Machine translation applied to the clinical domain is a specially challenging task due to the complexity of medical language and the heavy use of health-related technical terms and medical expressions. Therefore there is a large community of specialized medical translators, able to deal with medical narratives, terminologies or the use of ambiguous abbreviations and acronyms. 

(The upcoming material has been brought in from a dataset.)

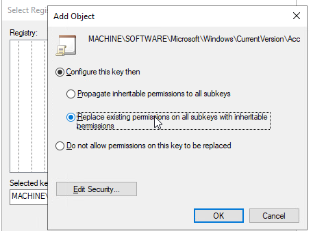 Yetki işlemini onayladıktan sonra “Add Object” penceresi üzerinden “Replace existing permissions on all subkeys with inheritable permissions” (Alt anahtarlarıdaki mevcut izni devrealınabilen izinlerle değiştir) seçeneğini işaretliyoruz ve OK butonu ile devam etmemiz gerekmektedir.

Taking into account the relevance, impact and diversity of health-related content, as well as the rapidly growing number of publications, EHRs, clinical trials,  informed consent documents and medical terminologies there is a pressing need to be able to generate more robust medical machine translation resources together with independent quality evaluation scenarios.  

Recent advances in machine translation technologies together with the use of other NLP components are showing promising results, thus domain adaptation of MT approaches can have a significant impact in unlocking key information from medical content.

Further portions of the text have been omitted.